To transform the product $\sin(x) \sin(3x)$ into a sum, we can use the product-to-sum identity for sines:

$\sin A \sin B = \frac{1}{2} [\cos(A - B) - \cos(A + B)]$

In this case, let $A = x$ and $B = 3x$. Applying the identity:

$\sin(x) \sin(3x) = \frac{1}{2} \left[ \cos(x - 3x) - \cos(x + 3x) \right]$

Simplifying the arguments of the cosine terms:

$= \frac{1}{2} \left[ \cos(-2x) - \cos(4x) \right]$

Since $\cos(-2x) = \cos(2x)$ (because cosine is an even function), we have:

$\sin(x) \sin(3x) = \frac{1}{2} \left[ \cos(2x) - \cos(4x) \right]$

So, the expression for $\sin(x) \sin(3x)$ as a sum is:

$\sin(x) \sin(3x) = \frac{1}{2} \left[ \cos(2x) - \cos(4x) \right]$

Would you like further details on this transformation or have any questions?
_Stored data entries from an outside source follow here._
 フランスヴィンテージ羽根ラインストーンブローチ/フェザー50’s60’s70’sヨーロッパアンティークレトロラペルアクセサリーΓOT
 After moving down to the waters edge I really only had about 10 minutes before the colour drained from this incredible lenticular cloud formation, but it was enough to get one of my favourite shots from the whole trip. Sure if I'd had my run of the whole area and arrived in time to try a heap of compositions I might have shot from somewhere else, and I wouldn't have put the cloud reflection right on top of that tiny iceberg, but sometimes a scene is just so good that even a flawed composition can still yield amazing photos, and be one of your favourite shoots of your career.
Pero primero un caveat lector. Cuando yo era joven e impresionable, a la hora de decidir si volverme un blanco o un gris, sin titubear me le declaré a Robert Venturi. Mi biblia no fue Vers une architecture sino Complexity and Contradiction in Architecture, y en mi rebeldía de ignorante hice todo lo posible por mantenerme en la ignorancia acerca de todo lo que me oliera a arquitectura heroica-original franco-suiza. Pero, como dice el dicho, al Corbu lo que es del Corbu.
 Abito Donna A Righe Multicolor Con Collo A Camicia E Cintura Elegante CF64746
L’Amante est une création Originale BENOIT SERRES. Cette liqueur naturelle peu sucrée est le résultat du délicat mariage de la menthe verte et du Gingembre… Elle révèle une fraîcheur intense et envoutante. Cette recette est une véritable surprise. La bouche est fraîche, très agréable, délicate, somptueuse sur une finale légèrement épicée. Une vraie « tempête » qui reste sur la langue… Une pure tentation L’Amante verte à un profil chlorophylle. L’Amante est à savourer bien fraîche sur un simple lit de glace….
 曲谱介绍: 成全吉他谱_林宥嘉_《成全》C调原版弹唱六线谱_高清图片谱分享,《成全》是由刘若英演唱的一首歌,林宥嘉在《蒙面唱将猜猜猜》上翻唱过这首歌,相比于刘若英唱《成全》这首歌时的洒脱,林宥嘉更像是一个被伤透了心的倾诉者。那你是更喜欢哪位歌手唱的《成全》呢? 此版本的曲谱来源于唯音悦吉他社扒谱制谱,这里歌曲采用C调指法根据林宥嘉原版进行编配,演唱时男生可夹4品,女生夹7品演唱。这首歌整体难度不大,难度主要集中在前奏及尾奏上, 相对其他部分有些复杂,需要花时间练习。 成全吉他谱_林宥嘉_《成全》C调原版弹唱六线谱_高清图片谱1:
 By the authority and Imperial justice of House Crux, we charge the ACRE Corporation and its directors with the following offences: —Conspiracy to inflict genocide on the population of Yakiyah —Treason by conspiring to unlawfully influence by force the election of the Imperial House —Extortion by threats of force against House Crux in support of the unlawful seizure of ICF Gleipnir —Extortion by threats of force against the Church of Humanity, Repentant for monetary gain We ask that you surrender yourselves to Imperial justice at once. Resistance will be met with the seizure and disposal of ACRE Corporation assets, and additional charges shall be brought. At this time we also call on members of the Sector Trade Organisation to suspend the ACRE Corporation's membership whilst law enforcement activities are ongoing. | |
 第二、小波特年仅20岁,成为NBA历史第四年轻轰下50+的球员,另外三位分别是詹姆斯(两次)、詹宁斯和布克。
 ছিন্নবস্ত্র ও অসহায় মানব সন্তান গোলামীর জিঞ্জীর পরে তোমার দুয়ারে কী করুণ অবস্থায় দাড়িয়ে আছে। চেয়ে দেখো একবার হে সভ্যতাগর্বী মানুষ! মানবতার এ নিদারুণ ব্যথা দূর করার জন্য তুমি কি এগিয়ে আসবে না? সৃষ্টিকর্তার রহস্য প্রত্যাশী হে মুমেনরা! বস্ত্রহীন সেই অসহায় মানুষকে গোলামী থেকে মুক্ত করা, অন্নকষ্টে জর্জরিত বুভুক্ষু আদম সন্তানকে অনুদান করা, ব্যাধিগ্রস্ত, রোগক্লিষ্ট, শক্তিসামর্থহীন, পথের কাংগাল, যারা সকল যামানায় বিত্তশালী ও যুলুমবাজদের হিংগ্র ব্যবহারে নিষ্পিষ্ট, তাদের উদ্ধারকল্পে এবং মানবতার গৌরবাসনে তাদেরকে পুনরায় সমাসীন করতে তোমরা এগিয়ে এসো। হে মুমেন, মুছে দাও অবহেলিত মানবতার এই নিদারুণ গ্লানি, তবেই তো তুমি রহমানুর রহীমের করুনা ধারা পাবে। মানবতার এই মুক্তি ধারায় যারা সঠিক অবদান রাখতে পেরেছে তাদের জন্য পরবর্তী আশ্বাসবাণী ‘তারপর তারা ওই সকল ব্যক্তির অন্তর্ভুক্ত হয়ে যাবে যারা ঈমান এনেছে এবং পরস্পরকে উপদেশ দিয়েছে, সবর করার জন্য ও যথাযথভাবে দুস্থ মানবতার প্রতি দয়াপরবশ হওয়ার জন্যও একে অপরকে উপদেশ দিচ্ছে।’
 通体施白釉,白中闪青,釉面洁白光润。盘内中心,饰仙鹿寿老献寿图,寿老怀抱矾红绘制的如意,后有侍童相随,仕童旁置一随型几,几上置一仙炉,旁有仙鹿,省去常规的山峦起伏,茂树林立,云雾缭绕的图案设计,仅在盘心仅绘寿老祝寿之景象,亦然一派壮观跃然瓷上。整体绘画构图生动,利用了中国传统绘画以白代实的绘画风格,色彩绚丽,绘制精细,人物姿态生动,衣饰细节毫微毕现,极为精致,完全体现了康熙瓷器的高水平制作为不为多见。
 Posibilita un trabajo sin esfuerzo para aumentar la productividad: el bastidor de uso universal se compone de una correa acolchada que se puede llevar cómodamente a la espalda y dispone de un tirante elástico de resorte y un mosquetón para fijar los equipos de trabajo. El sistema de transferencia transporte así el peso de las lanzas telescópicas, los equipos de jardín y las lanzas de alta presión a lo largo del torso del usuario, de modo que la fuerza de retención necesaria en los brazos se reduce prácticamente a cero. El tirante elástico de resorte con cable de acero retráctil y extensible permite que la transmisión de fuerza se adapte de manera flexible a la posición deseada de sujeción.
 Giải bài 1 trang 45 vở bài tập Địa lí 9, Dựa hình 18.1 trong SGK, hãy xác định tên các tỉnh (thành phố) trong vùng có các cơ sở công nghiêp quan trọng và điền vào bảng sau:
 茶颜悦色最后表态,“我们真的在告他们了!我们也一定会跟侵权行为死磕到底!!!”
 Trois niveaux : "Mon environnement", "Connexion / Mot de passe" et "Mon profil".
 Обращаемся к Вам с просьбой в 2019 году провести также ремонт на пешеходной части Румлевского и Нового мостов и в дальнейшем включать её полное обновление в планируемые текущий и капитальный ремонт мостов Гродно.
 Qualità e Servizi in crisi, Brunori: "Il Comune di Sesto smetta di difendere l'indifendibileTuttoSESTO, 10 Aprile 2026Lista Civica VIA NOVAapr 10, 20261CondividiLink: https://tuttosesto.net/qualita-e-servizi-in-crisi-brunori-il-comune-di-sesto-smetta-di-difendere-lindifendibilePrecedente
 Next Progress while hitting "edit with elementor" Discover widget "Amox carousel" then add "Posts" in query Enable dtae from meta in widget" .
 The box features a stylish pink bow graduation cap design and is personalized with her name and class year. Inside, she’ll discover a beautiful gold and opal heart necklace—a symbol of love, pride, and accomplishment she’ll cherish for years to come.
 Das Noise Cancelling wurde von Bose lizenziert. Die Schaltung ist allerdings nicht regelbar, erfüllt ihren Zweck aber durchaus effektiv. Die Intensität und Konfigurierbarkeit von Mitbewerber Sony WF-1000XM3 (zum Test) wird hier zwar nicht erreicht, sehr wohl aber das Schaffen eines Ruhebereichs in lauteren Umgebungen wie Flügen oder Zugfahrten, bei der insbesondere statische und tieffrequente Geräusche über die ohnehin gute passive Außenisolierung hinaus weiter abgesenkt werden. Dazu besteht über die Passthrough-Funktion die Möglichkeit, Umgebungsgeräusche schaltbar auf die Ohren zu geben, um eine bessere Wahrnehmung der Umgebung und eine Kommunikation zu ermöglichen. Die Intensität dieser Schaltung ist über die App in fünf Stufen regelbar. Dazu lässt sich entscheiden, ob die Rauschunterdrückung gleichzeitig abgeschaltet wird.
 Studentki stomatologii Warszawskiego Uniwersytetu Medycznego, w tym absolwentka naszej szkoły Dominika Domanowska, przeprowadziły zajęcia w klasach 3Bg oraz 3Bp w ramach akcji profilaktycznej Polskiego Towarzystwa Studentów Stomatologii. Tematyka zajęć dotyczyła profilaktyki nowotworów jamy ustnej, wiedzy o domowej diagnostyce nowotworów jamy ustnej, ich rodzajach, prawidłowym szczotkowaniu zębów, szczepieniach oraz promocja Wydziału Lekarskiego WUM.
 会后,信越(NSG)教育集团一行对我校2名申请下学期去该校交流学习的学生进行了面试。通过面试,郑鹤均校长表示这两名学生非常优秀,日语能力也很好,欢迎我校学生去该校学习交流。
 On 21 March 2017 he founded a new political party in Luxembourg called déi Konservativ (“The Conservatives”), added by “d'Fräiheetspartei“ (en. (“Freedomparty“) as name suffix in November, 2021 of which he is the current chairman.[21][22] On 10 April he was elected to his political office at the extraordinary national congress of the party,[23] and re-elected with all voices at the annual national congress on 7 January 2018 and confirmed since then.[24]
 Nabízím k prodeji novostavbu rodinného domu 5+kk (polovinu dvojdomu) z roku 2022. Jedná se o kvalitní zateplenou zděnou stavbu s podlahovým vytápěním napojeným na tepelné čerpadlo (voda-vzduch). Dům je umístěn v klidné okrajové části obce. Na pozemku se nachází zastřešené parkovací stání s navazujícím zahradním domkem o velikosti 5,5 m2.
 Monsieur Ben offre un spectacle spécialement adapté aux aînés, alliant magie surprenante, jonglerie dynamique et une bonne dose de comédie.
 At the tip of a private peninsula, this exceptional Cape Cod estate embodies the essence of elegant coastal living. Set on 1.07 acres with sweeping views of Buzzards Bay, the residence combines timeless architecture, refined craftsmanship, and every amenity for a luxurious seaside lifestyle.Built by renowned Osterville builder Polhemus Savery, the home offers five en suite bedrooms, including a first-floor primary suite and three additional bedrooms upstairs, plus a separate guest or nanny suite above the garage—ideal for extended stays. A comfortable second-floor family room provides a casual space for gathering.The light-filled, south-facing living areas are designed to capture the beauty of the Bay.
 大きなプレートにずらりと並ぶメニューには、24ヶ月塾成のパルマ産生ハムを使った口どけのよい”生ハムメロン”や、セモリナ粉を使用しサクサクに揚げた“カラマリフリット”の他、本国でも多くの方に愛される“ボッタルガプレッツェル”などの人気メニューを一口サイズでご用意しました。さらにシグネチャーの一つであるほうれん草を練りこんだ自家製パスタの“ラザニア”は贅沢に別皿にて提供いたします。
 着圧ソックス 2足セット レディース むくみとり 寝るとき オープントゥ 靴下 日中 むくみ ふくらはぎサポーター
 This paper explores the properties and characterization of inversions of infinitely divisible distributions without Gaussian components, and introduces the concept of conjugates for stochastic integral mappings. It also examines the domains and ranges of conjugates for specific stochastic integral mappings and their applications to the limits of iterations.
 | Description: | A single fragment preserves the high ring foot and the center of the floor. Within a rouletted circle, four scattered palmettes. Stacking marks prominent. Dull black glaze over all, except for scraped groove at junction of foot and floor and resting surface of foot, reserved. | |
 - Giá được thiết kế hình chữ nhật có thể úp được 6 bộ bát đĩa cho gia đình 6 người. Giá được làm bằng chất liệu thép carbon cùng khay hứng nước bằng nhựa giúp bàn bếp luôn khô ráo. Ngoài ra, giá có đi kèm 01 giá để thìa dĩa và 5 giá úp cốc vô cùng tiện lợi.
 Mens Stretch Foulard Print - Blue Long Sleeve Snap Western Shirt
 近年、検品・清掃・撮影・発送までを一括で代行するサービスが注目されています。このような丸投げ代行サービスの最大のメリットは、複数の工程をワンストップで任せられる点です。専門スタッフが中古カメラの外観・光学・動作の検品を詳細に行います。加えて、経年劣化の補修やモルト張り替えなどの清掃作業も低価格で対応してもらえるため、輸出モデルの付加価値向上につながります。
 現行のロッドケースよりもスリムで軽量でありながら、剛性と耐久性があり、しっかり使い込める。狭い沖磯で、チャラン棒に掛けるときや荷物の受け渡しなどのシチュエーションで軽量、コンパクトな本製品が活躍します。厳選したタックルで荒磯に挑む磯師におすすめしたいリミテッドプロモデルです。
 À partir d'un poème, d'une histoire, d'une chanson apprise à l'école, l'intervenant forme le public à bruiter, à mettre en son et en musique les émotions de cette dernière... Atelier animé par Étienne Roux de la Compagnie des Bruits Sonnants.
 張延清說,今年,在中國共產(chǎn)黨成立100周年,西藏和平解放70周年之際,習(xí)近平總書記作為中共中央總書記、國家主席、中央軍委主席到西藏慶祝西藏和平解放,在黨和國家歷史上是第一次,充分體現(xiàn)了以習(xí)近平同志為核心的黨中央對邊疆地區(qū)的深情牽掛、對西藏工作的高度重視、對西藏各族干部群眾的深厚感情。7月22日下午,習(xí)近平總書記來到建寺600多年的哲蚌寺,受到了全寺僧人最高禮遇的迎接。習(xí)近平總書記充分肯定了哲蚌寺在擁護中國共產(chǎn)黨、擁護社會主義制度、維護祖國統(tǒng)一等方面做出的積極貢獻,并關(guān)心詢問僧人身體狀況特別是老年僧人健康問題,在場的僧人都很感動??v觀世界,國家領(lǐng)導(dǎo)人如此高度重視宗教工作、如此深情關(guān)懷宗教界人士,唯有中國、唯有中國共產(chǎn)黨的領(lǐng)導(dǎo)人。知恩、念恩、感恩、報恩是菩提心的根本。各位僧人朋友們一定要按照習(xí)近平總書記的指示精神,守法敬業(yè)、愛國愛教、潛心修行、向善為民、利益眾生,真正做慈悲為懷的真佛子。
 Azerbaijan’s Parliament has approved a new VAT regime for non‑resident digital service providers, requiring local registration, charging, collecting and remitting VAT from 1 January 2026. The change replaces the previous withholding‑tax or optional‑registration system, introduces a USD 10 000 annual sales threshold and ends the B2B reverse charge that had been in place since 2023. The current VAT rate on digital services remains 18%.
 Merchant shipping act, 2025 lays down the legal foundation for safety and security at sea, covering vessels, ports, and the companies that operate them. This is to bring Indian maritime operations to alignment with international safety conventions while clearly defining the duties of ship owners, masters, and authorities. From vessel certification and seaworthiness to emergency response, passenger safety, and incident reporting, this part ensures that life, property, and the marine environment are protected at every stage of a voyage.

Here are some related questions for you:

1. How does the product-to-sum identity apply to other trigonometric functions like cosine and tangent?
2. What are some other examples of using product-to-sum identities in trigonometry?
3. Can you derive a product-to-sum identity for cosine and sine?
4. How would you simplify expressions like $\sin(x) \cos(x)$ using identities?
5. How can product-to-sum identities be used in Fourier series analysis?

Tip: Practice recognizing patterns in trigonometric identities to help with simplifying complex expressions.